Each line in the material below, starting at the one with "Феномен, шахматная школа" and ending at the one with "在庄严的八一建军节来临之际,东乐社区党委", is to be reproduced exactly; no picture is to be copied.

━━━━━ SUPPLIED INFORMATION ━━━━━

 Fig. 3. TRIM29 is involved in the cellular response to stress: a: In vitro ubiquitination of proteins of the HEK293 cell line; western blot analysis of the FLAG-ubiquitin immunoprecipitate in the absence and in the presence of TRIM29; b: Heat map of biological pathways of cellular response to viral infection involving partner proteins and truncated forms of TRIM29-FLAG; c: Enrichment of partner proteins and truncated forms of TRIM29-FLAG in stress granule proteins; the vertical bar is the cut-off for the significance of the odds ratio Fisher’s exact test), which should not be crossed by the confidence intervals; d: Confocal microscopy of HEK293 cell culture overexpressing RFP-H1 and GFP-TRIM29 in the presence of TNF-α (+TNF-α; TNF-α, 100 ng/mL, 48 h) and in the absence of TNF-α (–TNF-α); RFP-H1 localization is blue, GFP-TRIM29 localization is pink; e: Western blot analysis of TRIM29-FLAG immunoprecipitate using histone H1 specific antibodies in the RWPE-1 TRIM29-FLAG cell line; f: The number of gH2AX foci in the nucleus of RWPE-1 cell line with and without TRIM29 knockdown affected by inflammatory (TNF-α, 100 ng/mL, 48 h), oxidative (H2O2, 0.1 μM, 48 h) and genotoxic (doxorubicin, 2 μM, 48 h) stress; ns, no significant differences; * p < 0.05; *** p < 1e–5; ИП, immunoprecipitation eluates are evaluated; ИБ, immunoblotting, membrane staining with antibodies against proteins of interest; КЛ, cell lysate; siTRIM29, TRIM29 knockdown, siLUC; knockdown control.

━━━━━
━━━━━ SUPPLIED INFORMATION ━━━━━

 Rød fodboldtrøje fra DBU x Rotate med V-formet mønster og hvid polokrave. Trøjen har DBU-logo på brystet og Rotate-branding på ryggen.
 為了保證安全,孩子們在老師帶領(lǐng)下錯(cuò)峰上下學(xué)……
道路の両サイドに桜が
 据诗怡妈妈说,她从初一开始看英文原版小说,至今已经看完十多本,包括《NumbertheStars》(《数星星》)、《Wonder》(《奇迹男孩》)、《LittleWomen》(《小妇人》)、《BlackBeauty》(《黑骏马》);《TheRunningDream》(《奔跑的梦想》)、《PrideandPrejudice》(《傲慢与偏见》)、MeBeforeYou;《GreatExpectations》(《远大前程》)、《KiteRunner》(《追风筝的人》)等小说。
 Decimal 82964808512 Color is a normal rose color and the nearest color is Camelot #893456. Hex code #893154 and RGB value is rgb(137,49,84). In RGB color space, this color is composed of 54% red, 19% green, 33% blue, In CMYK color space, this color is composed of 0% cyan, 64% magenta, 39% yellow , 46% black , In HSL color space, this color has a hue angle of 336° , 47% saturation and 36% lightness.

━━━━━
━━━━━ SUPPLIED INFORMATION ━━━━━

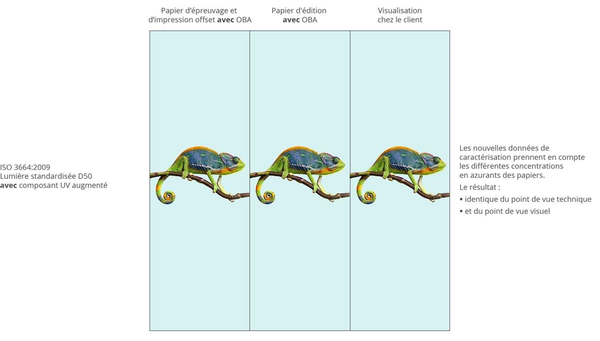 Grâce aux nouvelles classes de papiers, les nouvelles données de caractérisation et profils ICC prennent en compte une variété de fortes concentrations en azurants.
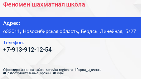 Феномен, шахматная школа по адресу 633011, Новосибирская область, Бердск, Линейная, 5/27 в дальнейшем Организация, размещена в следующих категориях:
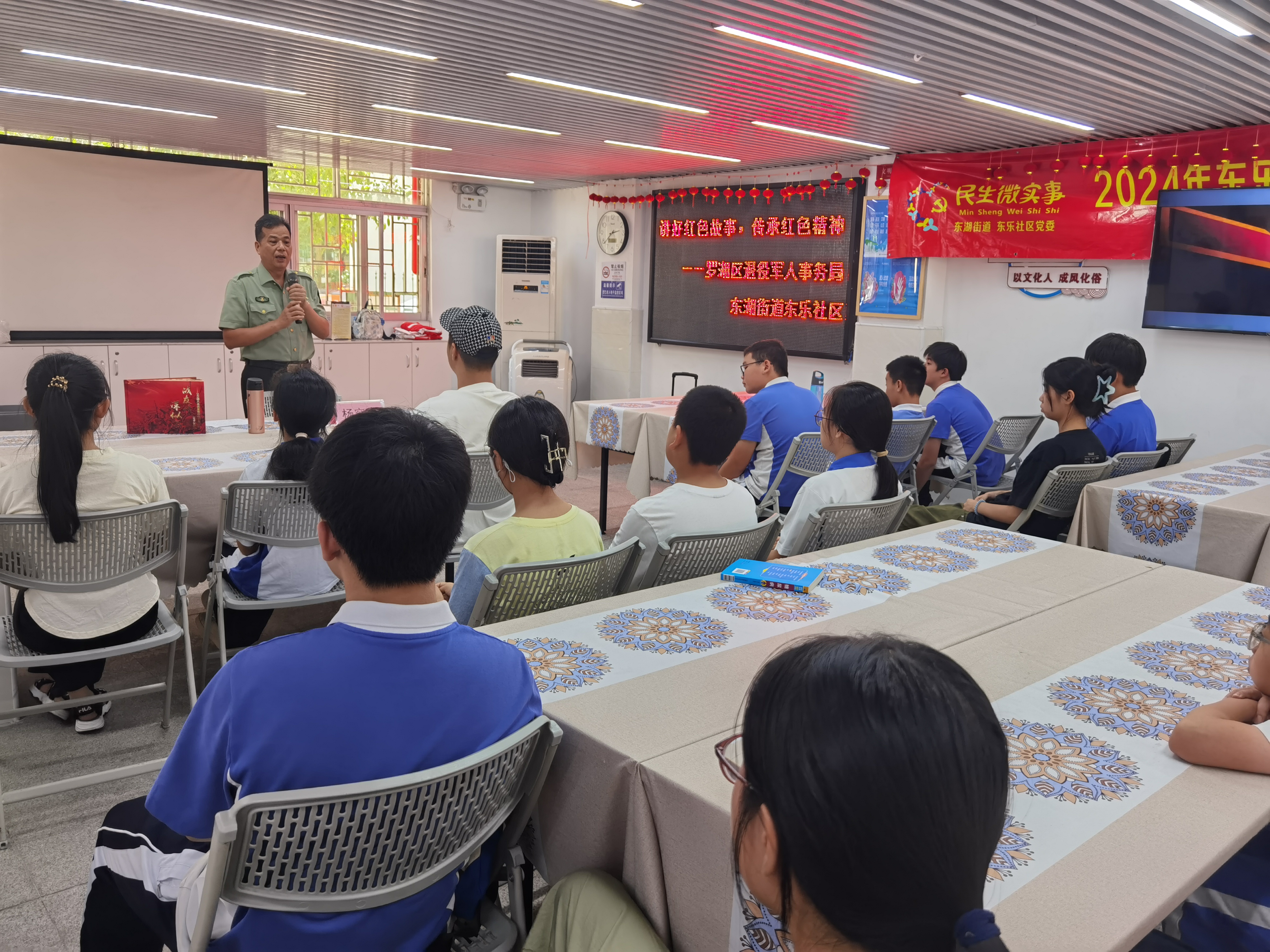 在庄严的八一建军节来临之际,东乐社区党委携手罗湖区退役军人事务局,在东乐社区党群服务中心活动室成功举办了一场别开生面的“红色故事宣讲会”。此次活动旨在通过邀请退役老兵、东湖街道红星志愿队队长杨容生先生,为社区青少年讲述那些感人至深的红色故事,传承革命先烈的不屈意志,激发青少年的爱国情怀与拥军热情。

━━━━━

◆ OUTPUT FOR THIS EXERCISE ◆
 Феномен, шахматная школа по адресу 633011, Новосибирская область, Бердск, Линейная, 5/27 в дальнейшем Организация, размещена в следующих категориях:
 在庄严的八一建军节来临之际,东乐社区党委携手罗湖区退役军人事务局,在东乐社区党群服务中心活动室成功举办了一场别开生面的“红色故事宣讲会”。此次活动旨在通过邀请退役老兵、东湖街道红星志愿队队长杨容生先生,为社区青少年讲述那些感人至深的红色故事,传承革命先烈的不屈意志,激发青少年的爱国情怀与拥军热情。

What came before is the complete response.